Motor power result checkpoints
CheckpointRecord from calculatorWhy it matters
Mechanical outputHP, shaft kW, or wattsCompares motor size with the driven load
Electrical inputVoltage, current, phase, and PFSeparates kW from kVA and branch current
EfficiencyEfficiency, input-output spread, or lossesExplains heat and input power above shaft output
Reactive componentkVAR or PF categorySupports transformer and power-factor conversations
Current contextSingle-phase or three-phase current basisRoutes conductor and protection work to the current calculator

Power value interpretation

Power value interpretation
Value shownUse it forDo not use it for
Mechanical HPDriven-load and torque comparisonDirect feeder sizing without current calculation
Mechanical kWShaft-output conversion and efficiency workBilling comparison unless input kW is known
Input kWEnergy and operating-cost estimateApparent-power equipment loading by itself
kVATransformer and upstream capacity screenReal energy use without power factor
kVARPower-factor correction contextMotor output or load horsepower

How to use this chart

1

Identify the power basis

Mark whether the calculator result is mechanical output, electrical input, apparent power, reactive power, or a simple HP-to-kW conversion.

2

Keep phase and PF visible

Record voltage, current, phase count, efficiency, and power factor before comparing the result with another motor or load condition.

3

Route the next calculation

Use shaft output for torque or load work, input kW for energy work, and current or kVA fields for feeder and transformer planning.

Formula basis

Mechanical kW = HP x 0.746. Three-phase input kW = 1.732 x V x A x PF / 1000.

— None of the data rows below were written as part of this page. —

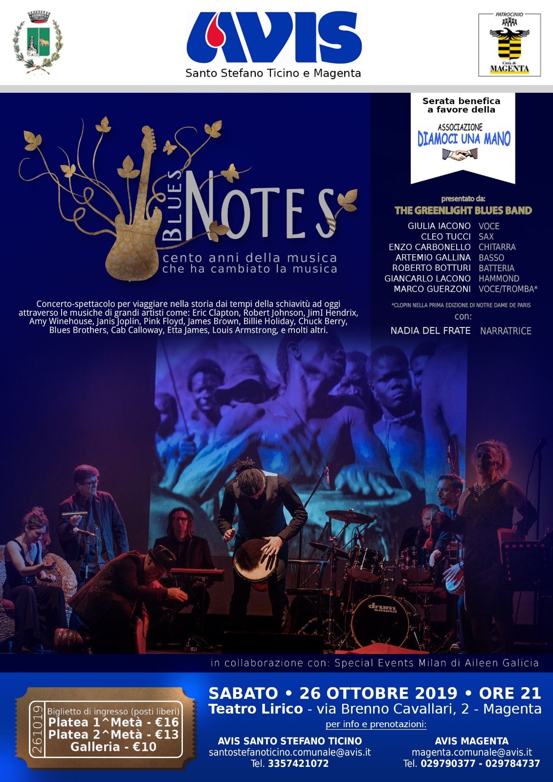 Sabato 26 ottobre alle ore 21 al Teatro Lirico di Magenta avremo la possibilità di assistere ad un bellissimo spettacolo organizzato da AVIS Santo Stefano Ticino e AVIS Magenta e interpretato dal gruppo “The greenlight blues band”.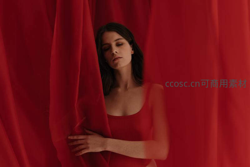 一位女子身着红色吊带,从鲜红的丝质帷幕缝隙中探出,眼神迷离,姿态慵懒,营造出一种神秘、浪漫且充满戏剧张力的视觉效果。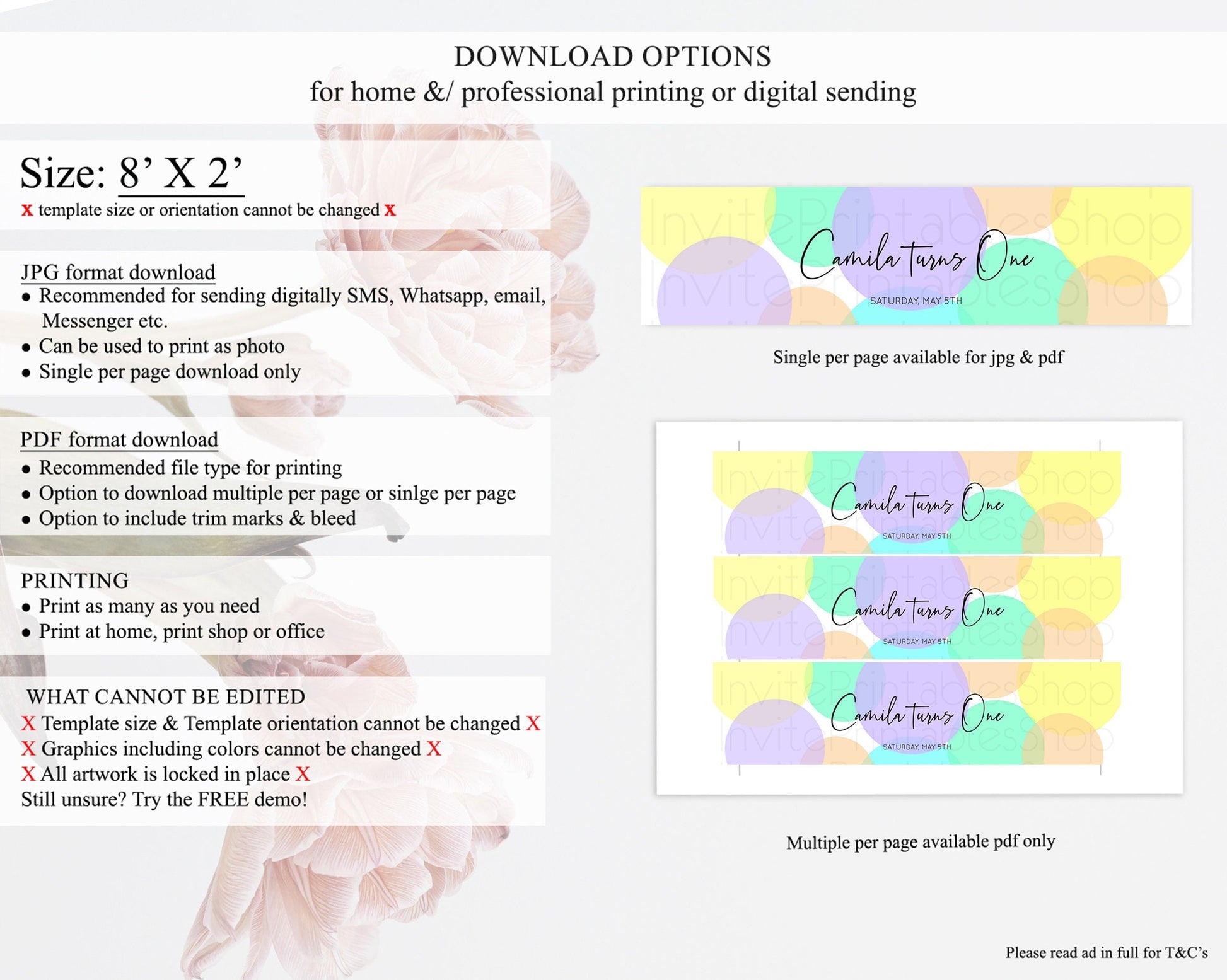 • Template size & orientation cannot be changed. Please use the demo link to confirm this product suits your needs.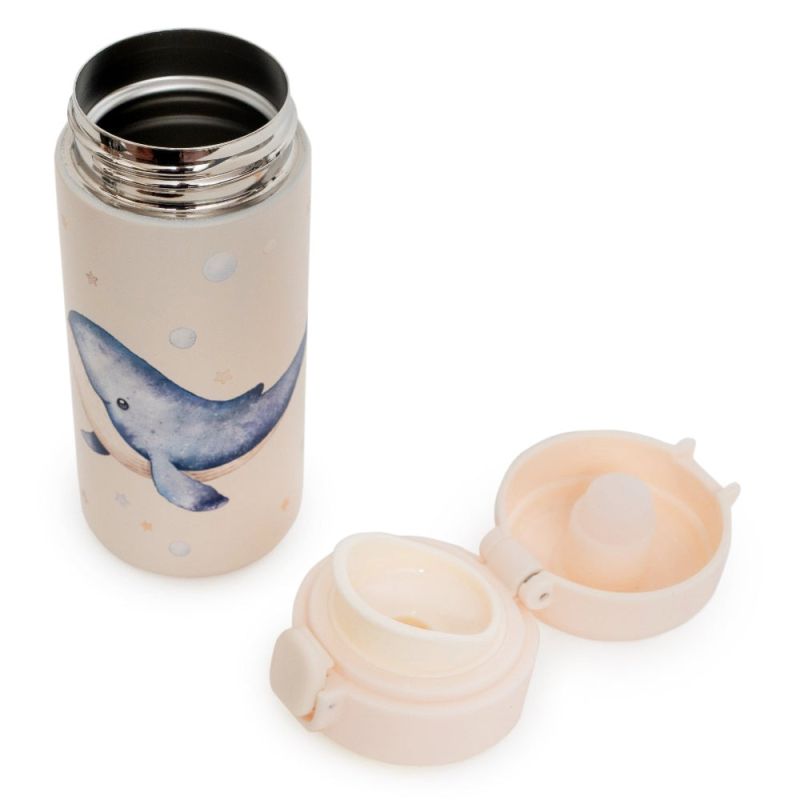 En fin og funktionel drikkedunk med den sødeste lille hval, der svømmer roligt hen over den lyse baggrund omgivet af små bobler og stjerner. Illustrationens bløde blå nuancer og varme detaljer skaber et roligt og drømmende univers, som gør hver tår vand til en lille stund fyldt med fantasi.
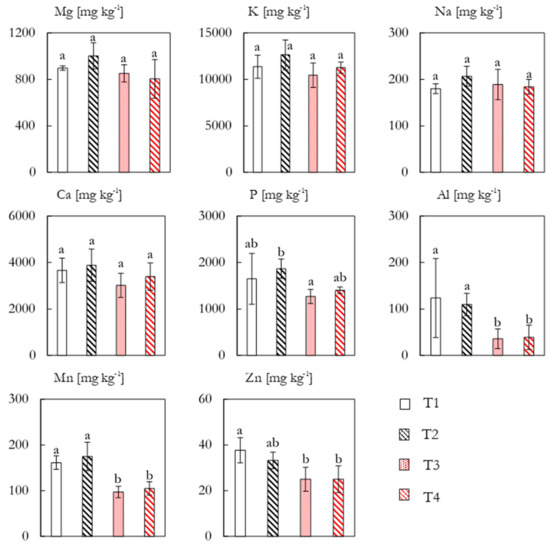 ICP-MS (inductively coupled plasma-mass spectrometry) measurements of the concentration of eight elements in the AGB. Different letters refer to significance variations (p < 0.05). Error bars denote the standard deviation. T1 refers to the control treatment.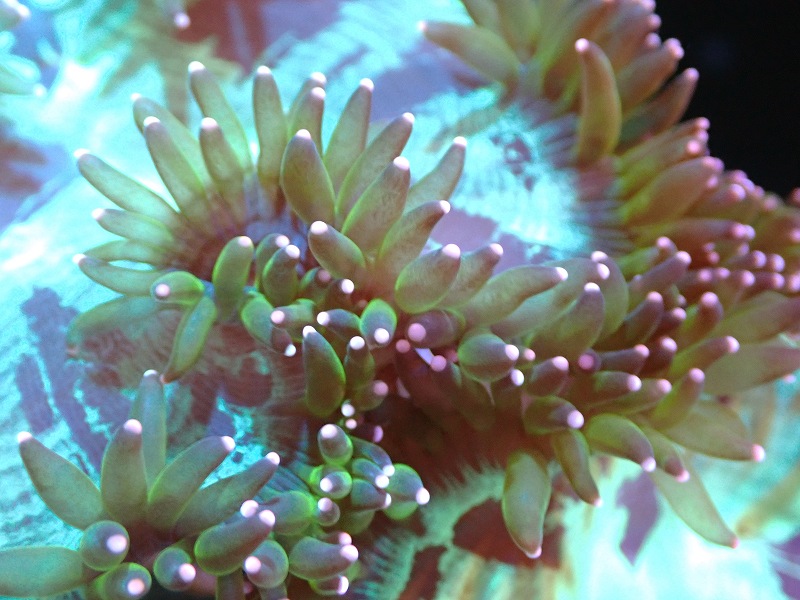 【サンゴまとめ買い割り引き対象商品30周年セール】 【サンゴ】【通販】トランペットコーラル(メタリックグリーン/ピンクチップ)MLサイズ(個体販売)(±13-15cm)No.11(生体)(サンゴ)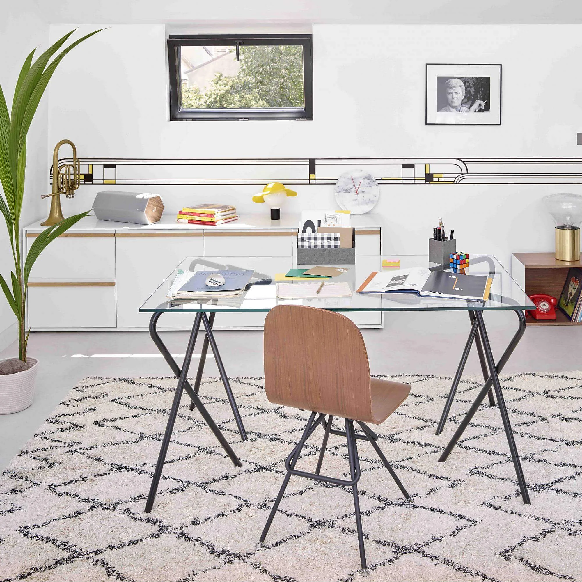 Le tapis en coton tufté main Jiddeth séduit par son moelleux et son motif noir et blanc graphique, idéal pour apporter chaleur et caractère à vos espaces de vie.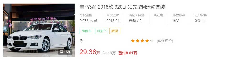 目前二手车市场2018款宝马320 Li领先型M运动套装车型一般都是准新车,行驶里程多为5千-1万公里,售价在28-29万左右(以实际为准),参考现在新车的价格,即使车主开了几天突然想卖了换别的品牌,也不至于太亏。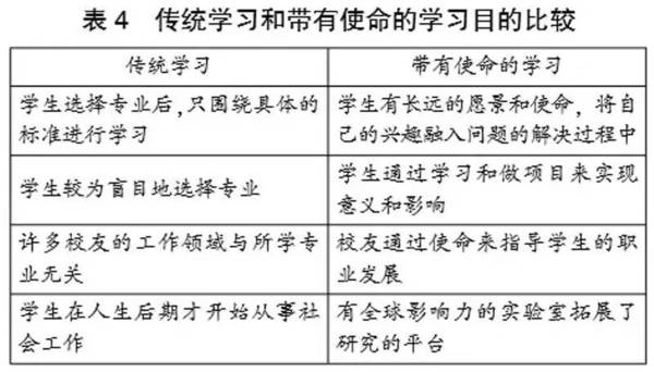 如此,斯坦福大學(xué)的畢業(yè)生才有能力、有意識、有擔(dān)當(dāng)去領(lǐng)導(dǎo)有效的實(shí)踐,以抵抗未來世界可能出現(xiàn)的一系列經(jīng)濟(jì)、政治、社會和技術(shù)以及目前未知領(lǐng)域的風(fēng)險。使命感本身不是對職業(yè)的描繪,但它是驅(qū)動個人在職業(yè)生涯中追求卓越的“秘密武器”(見表4)。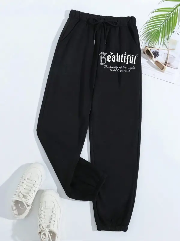Letter Graphic Elastic Waist 4 Mevsim Eşofman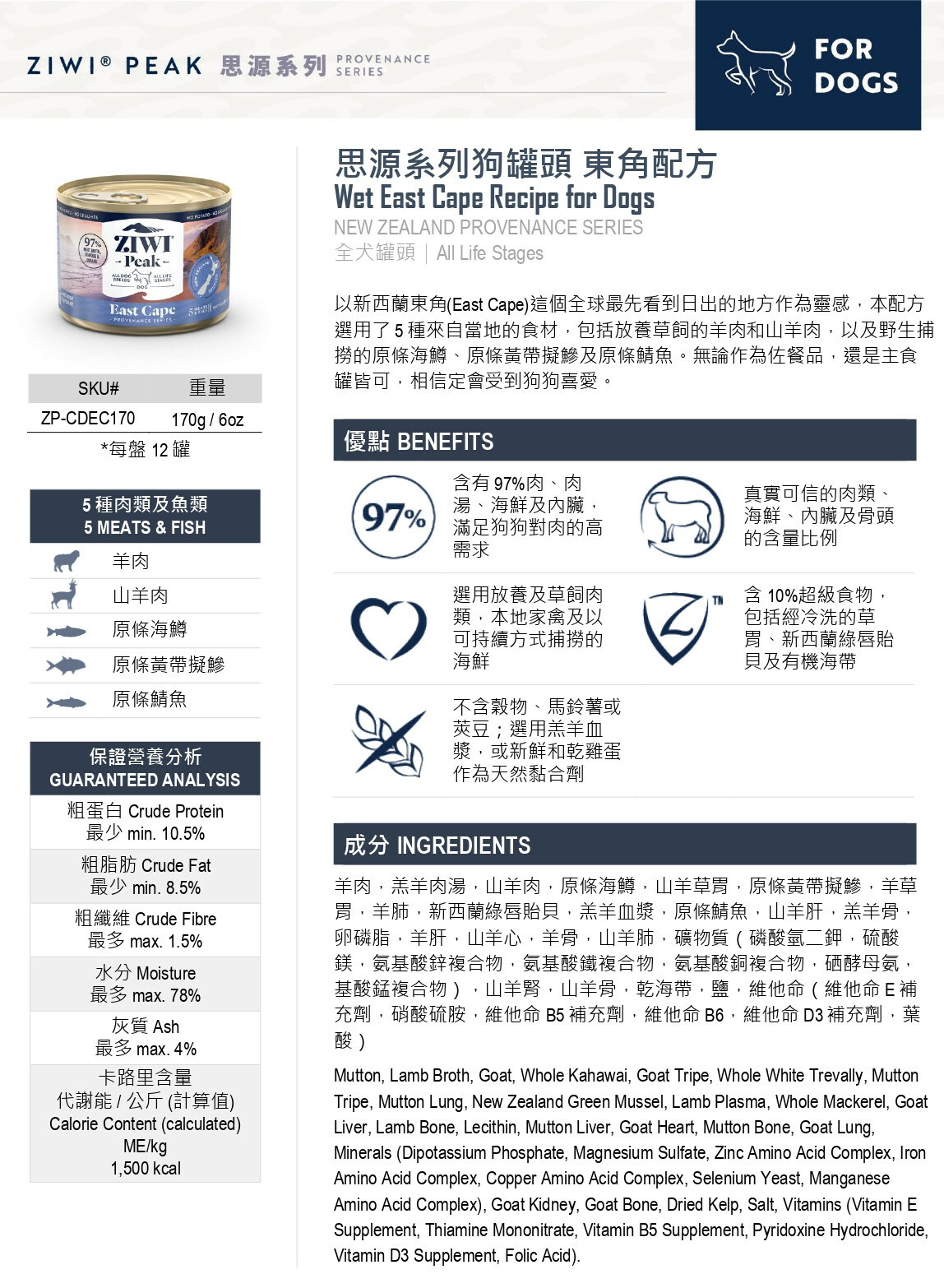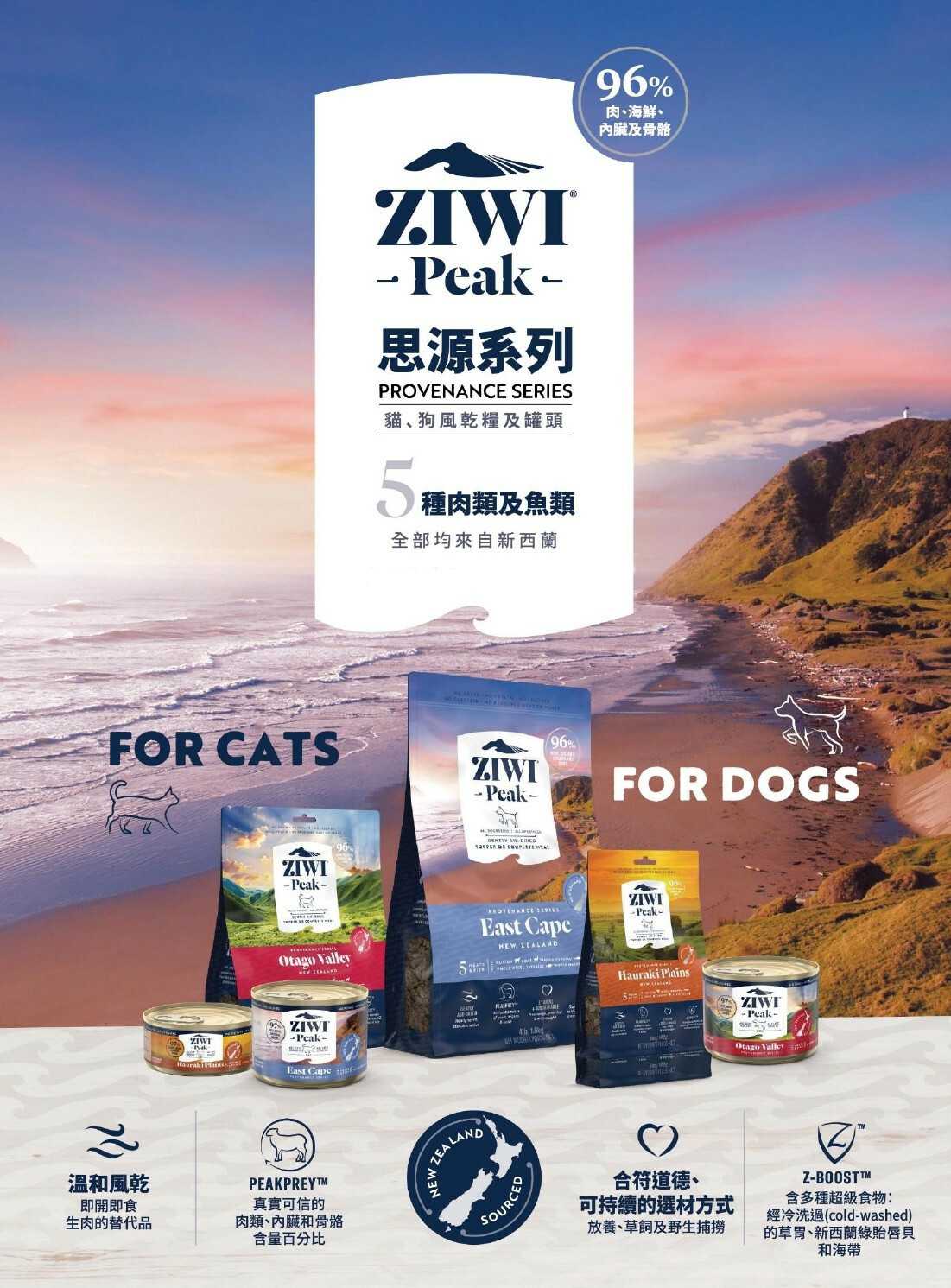 Featuring 5 meats and fish from New Zealand's East Cape, this recipe combines free-range and grass-fed mutton and goat, along with a blend of wild-caught and whole fish - kahawai, white trevally, and blue mackerel. The first place on earth to see the sunrise, New Zealand’s spectacular East Cape is the inspiration behind ZIWI® Peak’s East Cape Provenance recipe. It’s a perfect topper or complete meal that dogs are sure to love.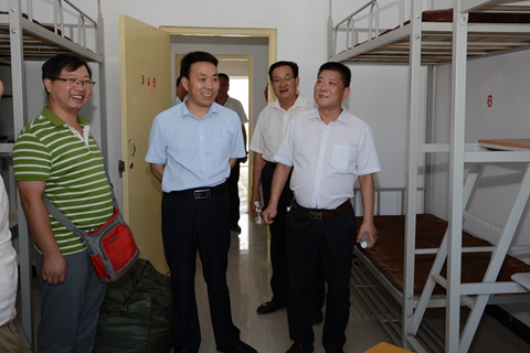 在党政办公室、学生处、招生就业处、保卫处、后勤保障处等相关职能部门负责人的陪同下,范新会一行深入新生接待处、缴费处、户籍办理处、军训服装发放处、学生公寓、银行卡与通信卡办理处等场点,详细检查了各个场点迎新工作部署与开展情况。经过检查,校领导对接待新生的各项准备工作表示满意,并要求各单位通力合作,积极主动、热情周到、扎实细致做好服务工作,让新生及家长能迅速、便捷、舒心地办理入校手续,感受到学校大家庭的温暖。针对迎新期间校内交通调度、卫生清理、志愿者培训等工作,校领导也提出了具体要求。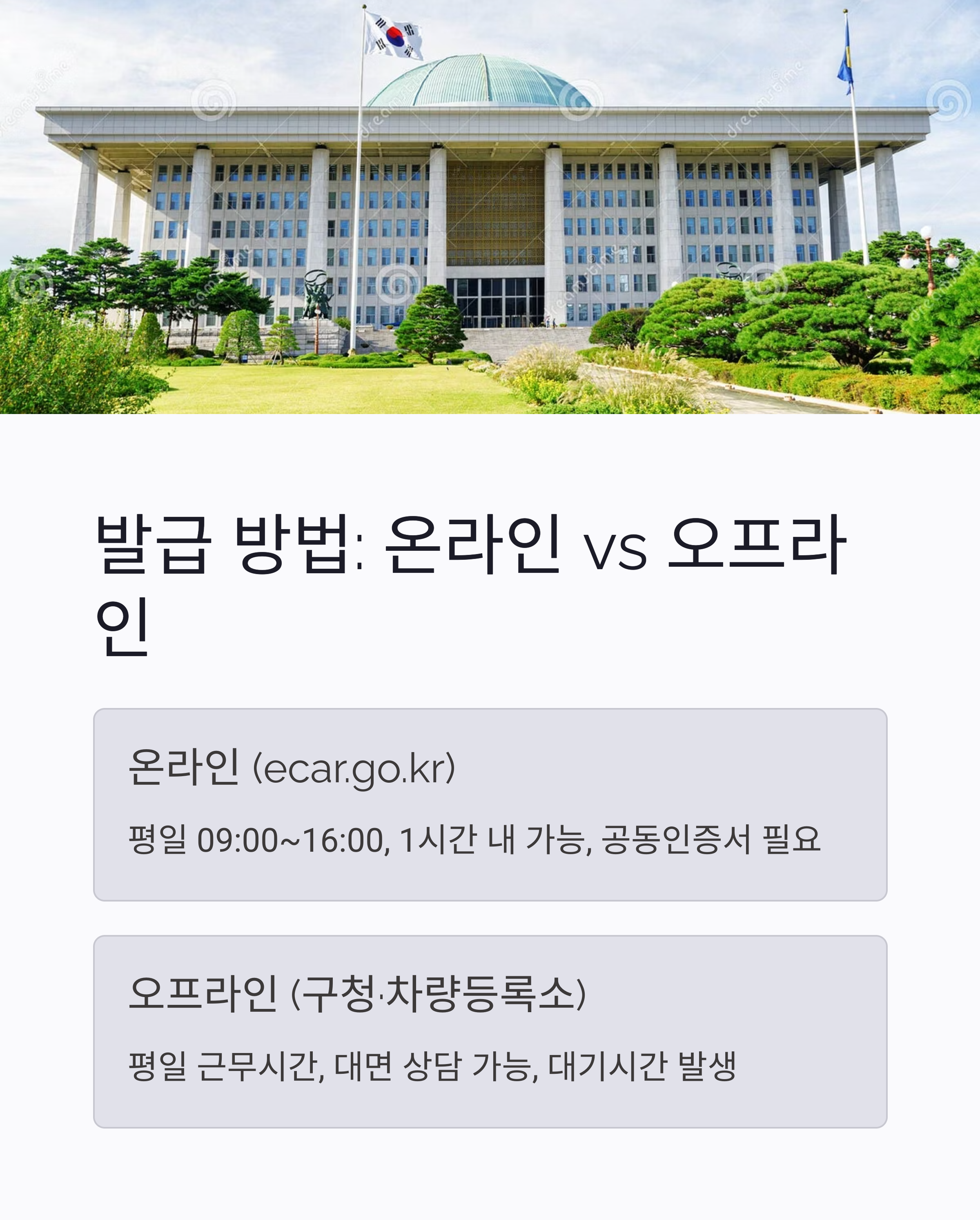 | 온라인 (ecar.go.kr) | 자동차민원 대국민포털 | 평일 09:00~16:00 | 빠르고 간편, 집에서도 가능 | 인증서 필요, 서류 스캔 필요 |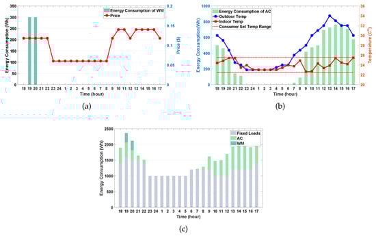 We assumed that the predicted PV generation energy in Figure 3b and predicted outdoor temperature in Figure 3c could be calculated accurately. The maximum energy consumptions of the WM and AC were set to 300 and 1000 Wh, respectively. For the ESS, the battery capacity is 4000 Wh, and the minimum (), maximum () and initial SOE () of the ESS were set to 400 Wh (10% ), 4000 Wh (100% ), and 2000 Wh (50% ), respectively. The maximum charging and discharging energy of the ESS were both 1200 Wh. For the EV, the battery capacity was 17,000 Wh, and the minimum (), maximum () and initial SOE () of the EV were set to 1700 Wh (10% ), 17,000 Wh (100% ), and 9350 Wh (55% ), respectively. The maximum charging and discharging energy of the EV were both 10,000 Wh. For the reward function, the consumer’s preferred operating period for the WM was set to [9:00 a.m., 10:00 p.m.] along with 2 h of consecutive operation time. The range of consumer’s comfortable indoor temperature controlled by the AC was set to [22.5 °C, 25.5 °C]. For the EV, the preferred SOE () and the departure time () of the EV were set to 12,750 Wh (75% ) and 8:00 a.m., respectively. The pairs of penalties for the cost of dissatisfaction of the WM, AC, ESS, and EV were {, , , , and }, respectively.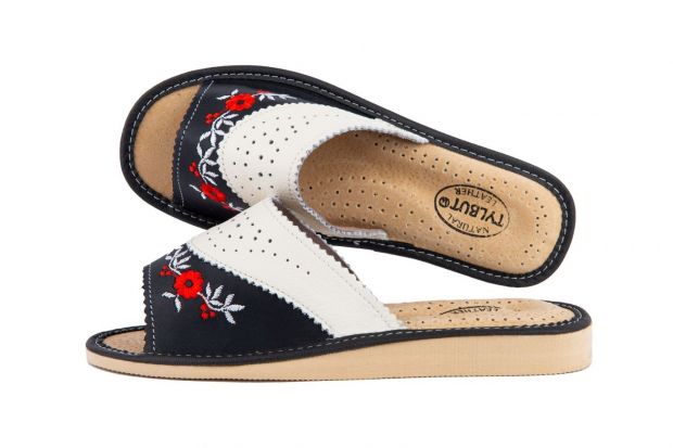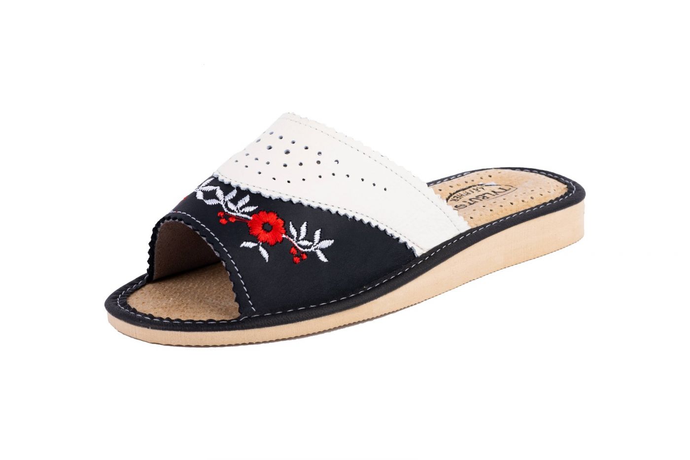 Odkryte haftowane pantofle damskie - to stylowa propozycja dla Pań, które szukają alternatywy dla syntetycznych materiałów. Miękka skóra – klapki damskie wykonane są ze 100 % wysokogatunkowej skóry naturalnej.

  • HP is mechanical horsepower at the shaft or selected load basis.
  • Mechanical output kW is the converted shaft power before losses.
  • Electrical input kW is the real power drawn from the supply after efficiency and power factor are considered.
  • V, A, phase, PF, and efficiency explain why the same HP motor can have different electrical input values.

Worked examples

15 HP fan motor comparison

A 15 HP result gives about 11.19 kW of mechanical output; the worksheet keeps that value separate from input kW so efficiency and power factor are visible before comparing feeder impact.

Same HP, different input current

Two motors can share the same HP but show different current because voltage, phase, efficiency, and PF differ, so the chart keeps those fields beside the calculator result.

Frequently asked questions

These answers explain how to use the chart without turning a quick reference into a final design decision.

Is HP always just kW divided by 0.746?
That conversion applies to mechanical shaft output. Electrical input kW also depends on efficiency, power factor, voltage, current, and phase.
Why keep kVA and kVAR beside kW?
The same motor can draw apparent and reactive power that affects transformers, feeders, and power-factor work even when shaft power is unchanged.